Whatever your ambition, whether it be emigrating to
some far away sunny place, becoming an international circuit bunny or
just simply paying your mortgage, you're going to need the financial resources
to support the plan.
This is not about creating pension income, cash savings
or property assets—it's about all three. It's creating a balance
between them to form a wealth creation plan.
Your Home
The first step in any wealth plan should be to purchase
your first property. You have to live somewhere and it's far better to
be paying money into your own bricks and mortar than into someone else's.
In order to achieve this, you're going to need a steady income and a deposit.
(Visit pinkfinance mortgage section for more information). The growth
that you make on your primary residence is tax-free. This is the reason
that many people buy a home larger than they actually need. This means
they can downsize later on and take the surplus money. Many also rent
their extra room to help cover the mortgage in the early years. You're
allowed to receive £___ per annum under the 'Rent a Room Scheme',
without paying tax. 
Pension
Pensions have been beaten up in recent years, as many
are based upon stocks and shares (equities). With equities under performing
and additional tax within the pension fund, they haven't looked quite
as attractive.
However, benefits such as tax free cash lump sum and
regular steady income in later life can still make them attractive.
If your employer is offering to pay into a scheme on
your behalf, match your contribution, or give free life assurance –
you should take them up on their offer. This is free money, benefiting
you later and forms part of your benefits package
Private pensions are far more consumer friendly than
they used to be, with Stakeholder pensions now providing a low cost method
of accumulating capital. The government still add tax relief to your contributions
at the highest rate of tax that you pay. 
Savings
You may need to save a deposit for your first home,
and therefore should consider deposit accounts. The rate of return is
not the overriding priority with this type of investment, as interest
rates are so low. The main purpose is to form a habit and commitment.
Having a target such as buying your first home is an incentive. You should
set up a standing order, and place the money into a bank account, that
proves difficult to access.
For longer-term savings, you should consider an Individual
Savings Account. These investments can offer Stocks and Shares (equities),
or deposit accounts as a method of generating returns. For longer term
planning, equities offer greater potential for growth, but you should
be careful to select ones that reflect your attitude towards risk.

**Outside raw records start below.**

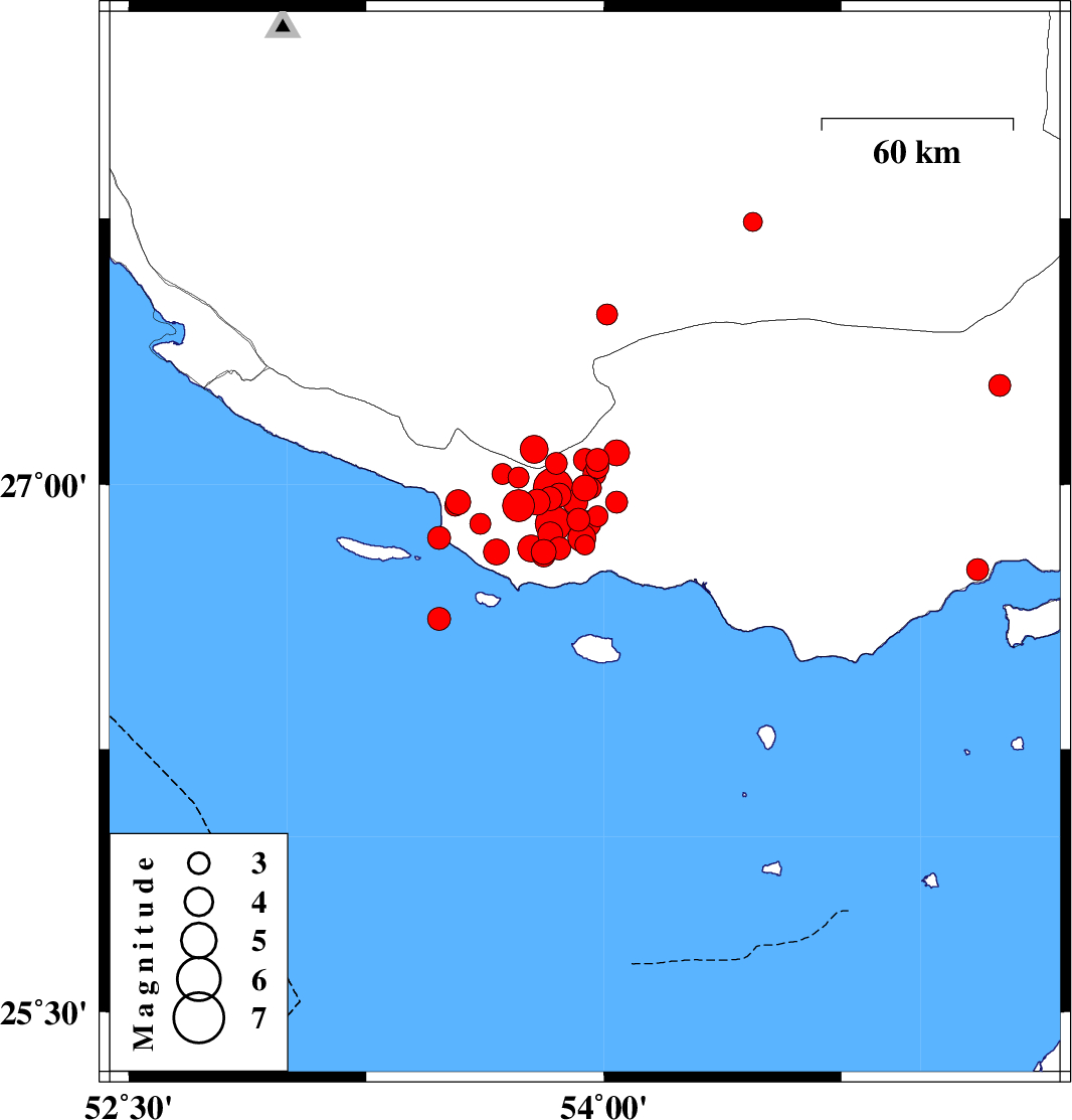 | 2010/07/23 | 08:39:14.4 | 13:09:14.4 | 26.96 | 53.83 | 14 | ML3.4 | Hormozgan Province, 59 km South-West of Bastak | ||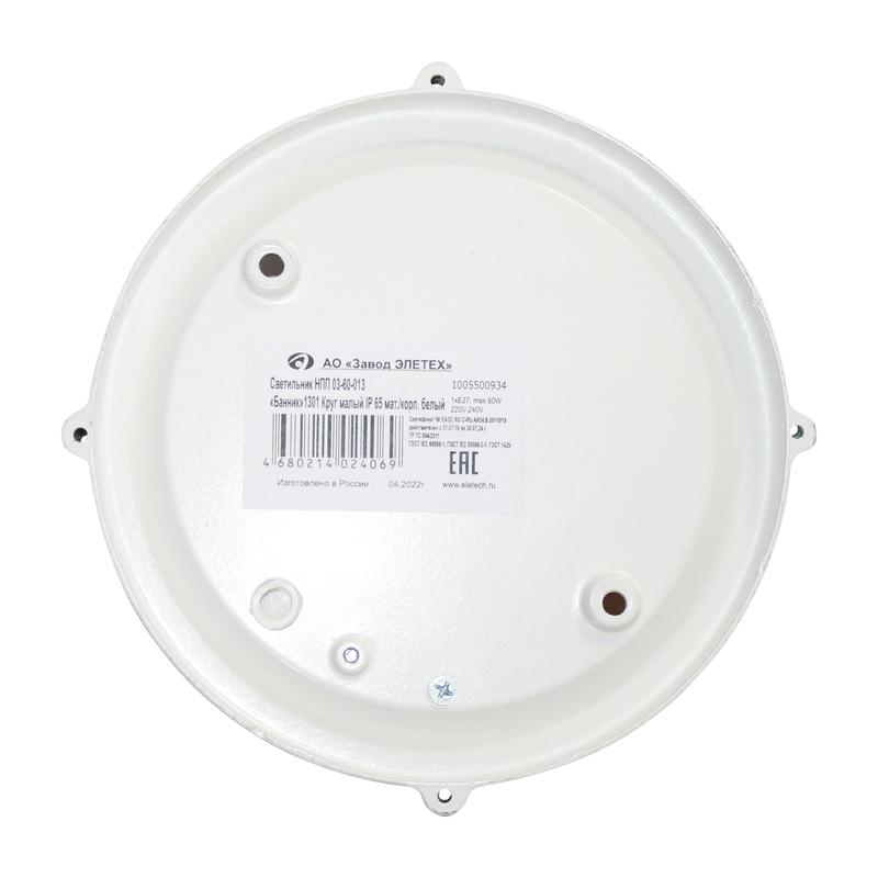 Светильник НПП 03-60-013 "Банник" 1301 круг малый 1х60Вт E27 IP65 корпус бел. Элетех 1005500934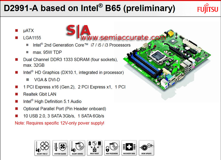 Fujitsu (FJTSY) might not be the most prolific motherboard manufacturer, but they’ve taken over the business from Siemens (SI) and are producing a range of industrial level motherboards. We got our hands on a couple of roadmap updates from the company and spotted something rather interesting, the company has several 12V only motherboards coming out based on Intel’s Cougar Point chipsets, something that could signal a slow shift away from the current triple Voltage system used today.

This
style of investment should be held for between 5 and 10 years, to give
the maximum opportunity.
Investment Property
Buying property to let has become a very popular method
of building wealth. Gearing your savings, as a deposit on a larger asset,
can prove very productive. Not only have you the opportunity for the asset
to increase in value, but you also receive rent from the tenants. This
means that the mortgage is in effect paid for you. 
There are now letting mortgages, designed with landlords
in mind. These are agreed providing the future rental income exceeds the
mortgage interest by a certain percentage. Buying a second property has
become as popular as taking out a pension plan, with people having confidence
in the housing market over and above the stock market. Property should
also be seen as long-term investment, as the entry costs are higher, such
as stamp duty, legal and surveyor fees.
Overall Plan
How do all of these areas fit together?
Apart from buying your own residence, which should be
the first step, all of the above are as important as each other. Ideally
you should be able to call on assets from all of these areas in later
life. This gives you flexibility and choice when using the money. If house
prices are low, then you can use some of your cash. If your pension fund
is not so hot, then you can defer the benefits and live from the return
on the extra properties. It's important to attain a balance. You should
seek advice from an independent financial adviser, to form your very own
'Wealth Creation' plan. All advisers will have their own views as to which
route offers the most opportunity. But, remember, balance is the key!